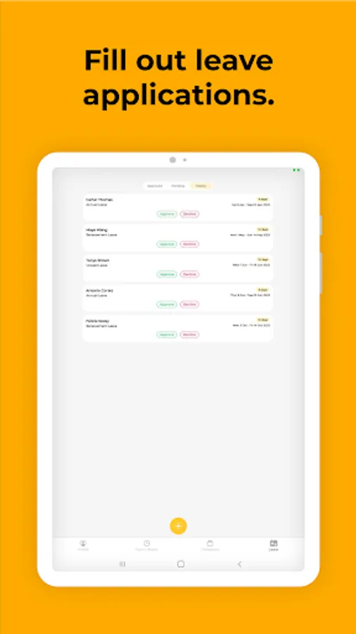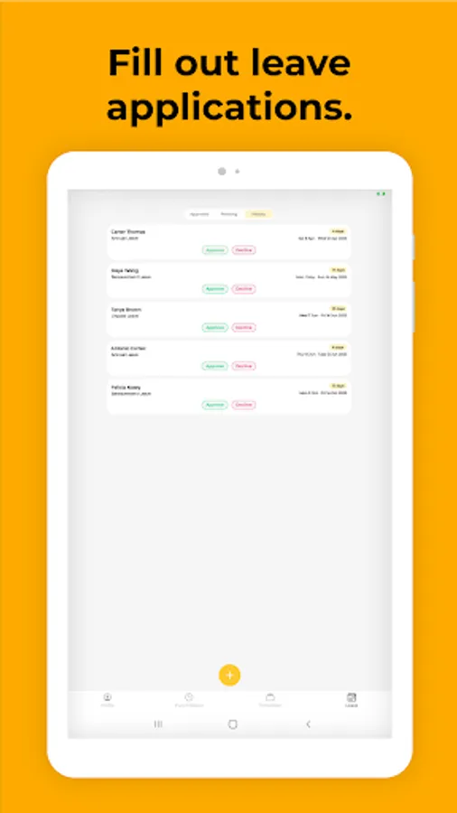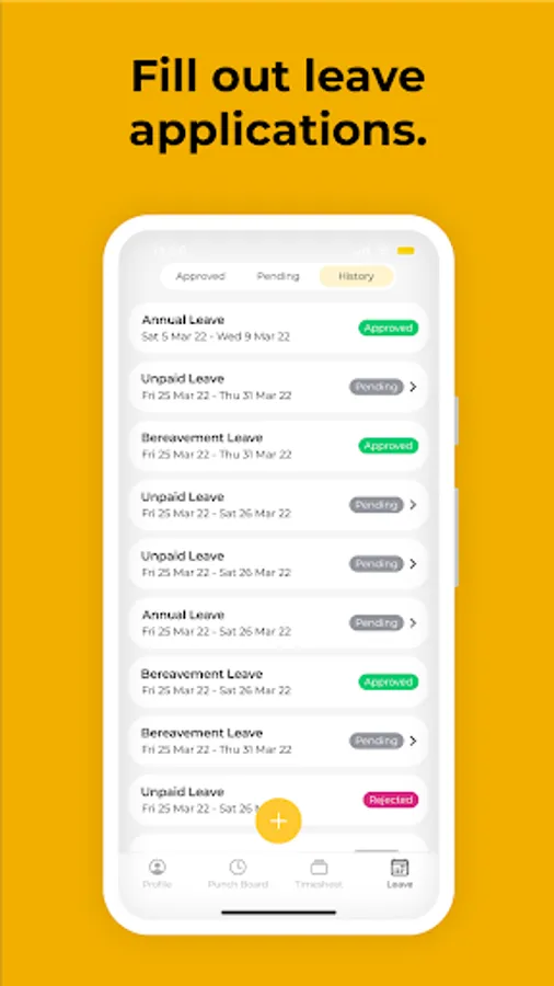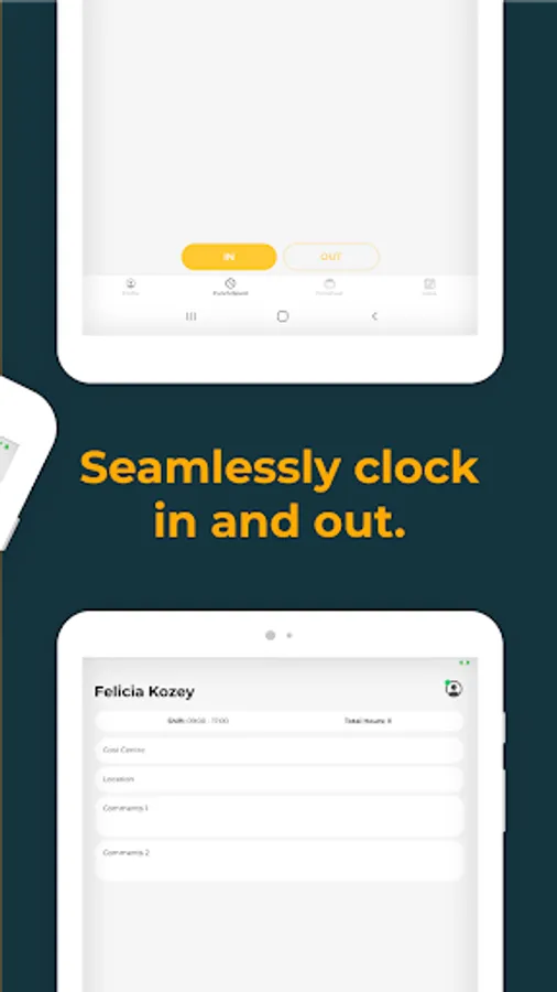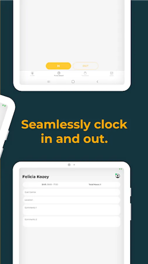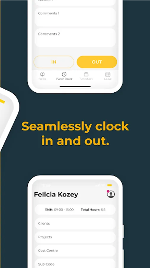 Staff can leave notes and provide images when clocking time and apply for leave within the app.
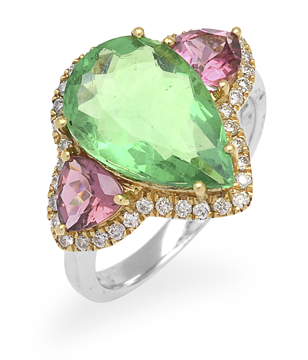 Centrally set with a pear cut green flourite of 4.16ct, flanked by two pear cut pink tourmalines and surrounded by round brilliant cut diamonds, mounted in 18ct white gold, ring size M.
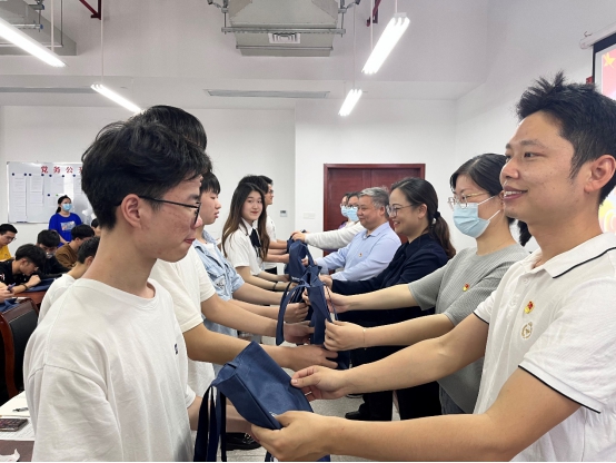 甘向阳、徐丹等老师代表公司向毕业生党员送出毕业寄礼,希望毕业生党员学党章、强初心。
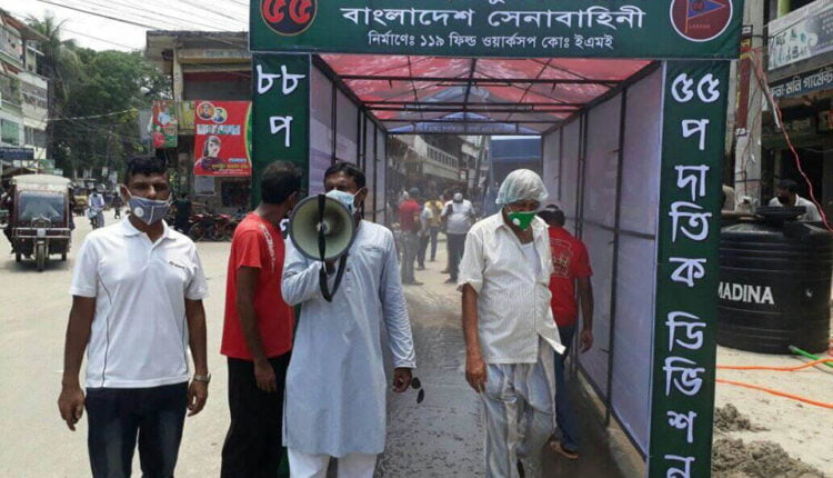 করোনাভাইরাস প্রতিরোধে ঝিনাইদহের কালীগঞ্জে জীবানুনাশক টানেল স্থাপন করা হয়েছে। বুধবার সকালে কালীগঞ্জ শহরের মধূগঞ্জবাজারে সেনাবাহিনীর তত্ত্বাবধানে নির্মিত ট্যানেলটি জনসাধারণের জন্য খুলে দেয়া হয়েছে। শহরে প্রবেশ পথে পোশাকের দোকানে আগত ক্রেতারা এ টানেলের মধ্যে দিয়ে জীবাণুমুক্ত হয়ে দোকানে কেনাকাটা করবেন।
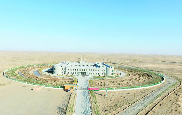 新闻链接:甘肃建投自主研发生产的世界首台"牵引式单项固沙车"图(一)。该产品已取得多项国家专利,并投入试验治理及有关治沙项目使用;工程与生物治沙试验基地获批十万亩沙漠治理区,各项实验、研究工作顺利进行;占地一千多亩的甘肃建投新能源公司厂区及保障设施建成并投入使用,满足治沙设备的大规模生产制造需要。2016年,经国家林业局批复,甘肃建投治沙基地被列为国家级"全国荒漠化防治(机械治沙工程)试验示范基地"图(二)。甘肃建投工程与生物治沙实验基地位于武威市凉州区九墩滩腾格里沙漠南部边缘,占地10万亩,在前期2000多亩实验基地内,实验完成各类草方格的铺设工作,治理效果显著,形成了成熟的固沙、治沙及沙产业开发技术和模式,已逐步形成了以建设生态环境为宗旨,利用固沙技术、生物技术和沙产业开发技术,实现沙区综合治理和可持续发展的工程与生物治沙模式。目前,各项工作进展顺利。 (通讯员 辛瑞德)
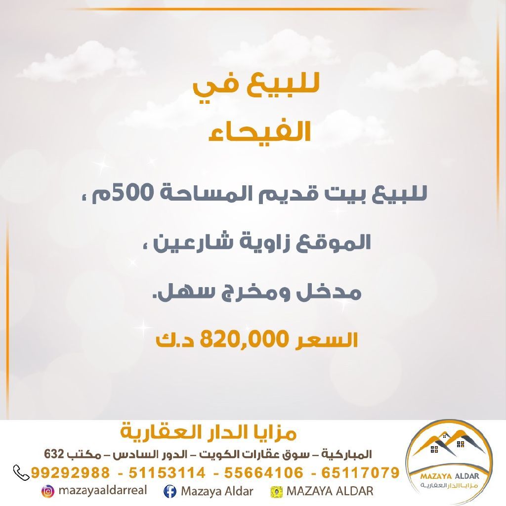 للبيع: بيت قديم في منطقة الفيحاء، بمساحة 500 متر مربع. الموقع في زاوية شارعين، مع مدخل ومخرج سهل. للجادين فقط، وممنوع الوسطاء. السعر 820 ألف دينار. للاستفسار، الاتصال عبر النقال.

◆ ◆ ◆ ◆ ◆

== Work to complete ==
Write the listing out a second time exactly, dropping all images.

== Final answer ==
 Staff can leave notes and provide images when clocking time and apply for leave within the app.
 Centrally set with a pear cut green flourite of 4.16ct, flanked by two pear cut pink tourmalines and surrounded by round brilliant cut diamonds, mounted in 18ct white gold, ring size M.
 甘向阳、徐丹等老师代表公司向毕业生党员送出毕业寄礼,希望毕业生党员学党章、强初心。
 করোনাভাইরাস প্রতিরোধে ঝিনাইদহের কালীগঞ্জে জীবানুনাশক টানেল স্থাপন করা হয়েছে। বুধবার সকালে কালীগঞ্জ শহরের মধূগঞ্জবাজারে সেনাবাহিনীর তত্ত্বাবধানে নির্মিত ট্যানেলটি জনসাধারণের জন্য খুলে দেয়া হয়েছে। শহরে প্রবেশ পথে পোশাকের দোকানে আগত ক্রেতারা এ টানেলের মধ্যে দিয়ে জীবাণুমুক্ত হয়ে দোকানে কেনাকাটা করবেন।
 新闻链接:甘肃建投自主研发生产的世界首台"牵引式单项固沙车"图(一)。该产品已取得多项国家专利,并投入试验治理及有关治沙项目使用;工程与生物治沙试验基地获批十万亩沙漠治理区,各项实验、研究工作顺利进行;占地一千多亩的甘肃建投新能源公司厂区及保障设施建成并投入使用,满足治沙设备的大规模生产制造需要。2016年,经国家林业局批复,甘肃建投治沙基地被列为国家级"全国荒漠化防治(机械治沙工程)试验示范基地"图(二)。甘肃建投工程与生物治沙实验基地位于武威市凉州区九墩滩腾格里沙漠南部边缘,占地10万亩,在前期2000多亩实验基地内,实验完成各类草方格的铺设工作,治理效果显著,形成了成熟的固沙、治沙及沙产业开发技术和模式,已逐步形成了以建设生态环境为宗旨,利用固沙技术、生物技术和沙产业开发技术,实现沙区综合治理和可持续发展的工程与生物治沙模式。目前,各项工作进展顺利。 (通讯员 辛瑞德)
 للبيع: بيت قديم في منطقة الفيحاء، بمساحة 500 متر مربع. الموقع في زاوية شارعين، مع مدخل ومخرج سهل. للجادين فقط، وممنوع الوسطاء. السعر 820 ألف دينار. للاستفسار، الاتصال عبر النقال.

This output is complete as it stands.